Клод пришел в негодование. Жори нашел, что все это сильно преувеличено, но тут раздался стук, и Бонгран, отворив дверь, воскликнул:
– Смотрите-ка!.. Ноде!.. Мы как раз говорили о вас.
Ноде, очень корректный, лощеный, без единого пятнышка, несмотря на проливной дождь, вошел с почтительным видом светского человека, проникшего в святилище.
– Как я счастлив, как польщен, дорогой метр!.. Я уверен, что вы не могли сказать ничего дурного.
– Конечно нет, Ноде, конечно нет, – спокойно ответил Бонгран. – Мы говорили, что благодаря вашему способу эксплуатации живописи у нас скоро вырастет поколение художников-циников, поддерживаемых бесчестными дельцами.
Отнюдь не смущаясь, Ноде продолжал улыбаться.
– Это слишком строго, но как остроумно! Знайте, дорогой метр, что из ваших уст я готов выслушать все, что угодно.
Взглянув на картину, изображающую двух женщин за рукоделием, он пришел в восторг.
– Бог ты мой! Я ведь этого еще не видел, это – чудо!.. Какой свет! Какая уверенная и широкая манера письма! Это восходит к Рембрандту! Да, к Рембрандту!.. Послушайте, дорогой метр, я пришел только для того, чтобы засвидетельствовать вам почтение, но вела меня, несомненно, моя счастливая звезда.

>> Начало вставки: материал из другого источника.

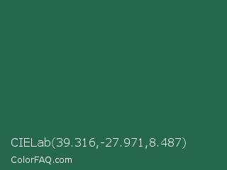 CIELab 39.316,-27.971,8.487 Color is a dark green color and the nearest color is Green Pea #1d6142. Hex code #25684e and RGB value is rgb(37,104,78). In RGB color space, this color is composed of 15% red, 41% green, 31% blue, In CMYK color space, this color is composed of 64% cyan, 0% magenta, 25% yellow , 59% black , In HSL color space, this color has a hue angle of 157° , 48% saturation and 28% lightness.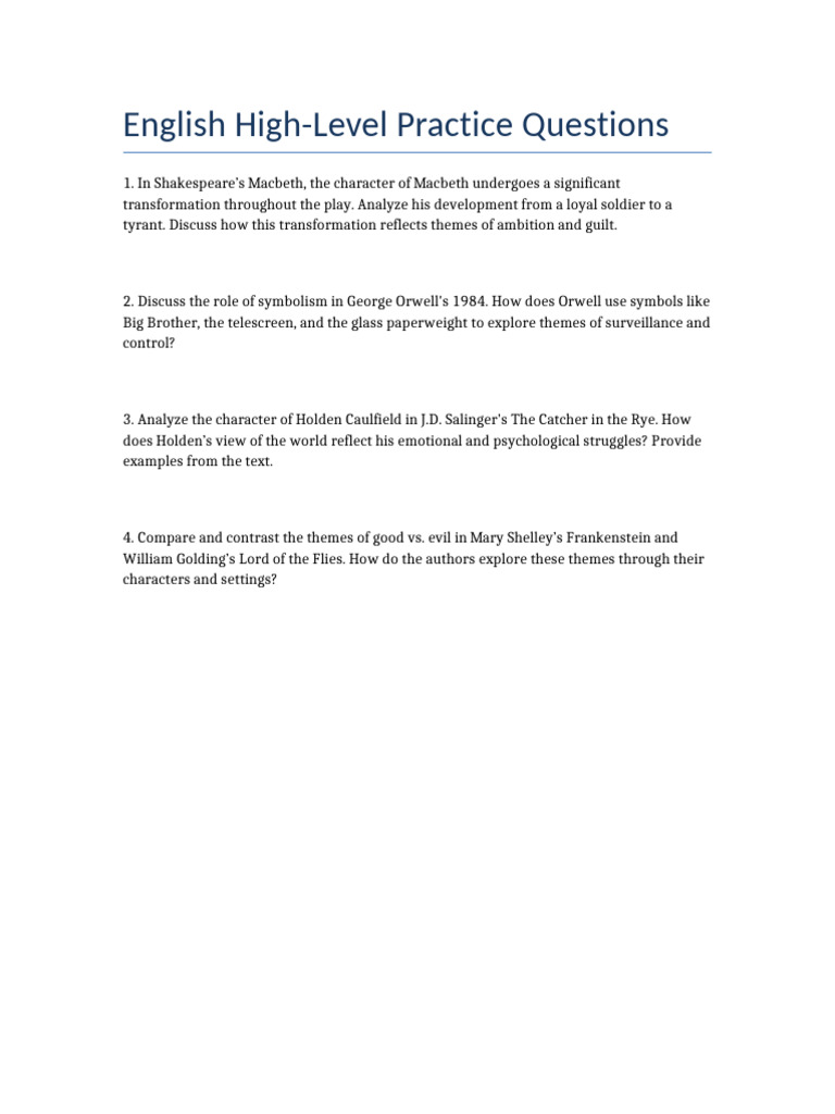 English Practice Questions And Answers - Free Printable

Не отвергайте меня, уступите мне это сокровище… Берите все, что хотите, я озолочу вас.
Было видно, как от каждого его слова Бонгран приходил все в большее и большее негодование. Он резко прервал Ноде;
– Слишком поздно, продана.
– Продана, боже мой! А вы не могли бы освободиться от обязательства?.. Скажите по крайней мере кому, я все сделаю, все отдам… Ах, какой удар! Неужели продана, вы в этом уверены? А если вам предложат вдвойне?
– Она продана, Ноде, не будем больше говорить!
Но торговец продолжал причитать. Постояв перед картиной, он перешел к этюдам, в восторге млея перед ними, обошел всю мастерскую, окидывая ее острым взглядом игрока, ищущего удачи. Поняв, что пришел не в добрый час и что ему не удастся ничего унести, он ушел, распрощавшись с почтительным и признательным видом, и до самого порога не переставал рассыпаться в восторгах.
Когда дверь за ним закрылась, Жори, слушавший с большим удивлением, позволил себе спросить:
– Мне показалось, вы говорили… Ведь картина не продана, не так ли?
Бонгран, не отвечая, вернулся к картине. Потом, громоподобным голосом, вкладывая в слова все свое скрытое страдание, все возродившиеся тайные сомнения, он закричал:
– Он надоел мне! Никогда он ничего от меня не получит!.. Пусть покупает у Фажероля.
Через полчаса Клод и Жори ушли, оставив Бонграна за работой, разозленного тем, что зимний день чересчур быстро кончается. Расставшись с приятелем, Клод не пошел на улицу Дуэ, хоть и не был дома с утра. Его распирало желание бродить еще и еще, слоняться по Парижу, где встречи, происшедшие за один только день, заставили его мозг лихорадочно работать; он бродил по грязным холодным улицам дотемна, пока не зажгли газовые фонари, которые вспыхивали один за другим, словно мерцающие в тумане звезды.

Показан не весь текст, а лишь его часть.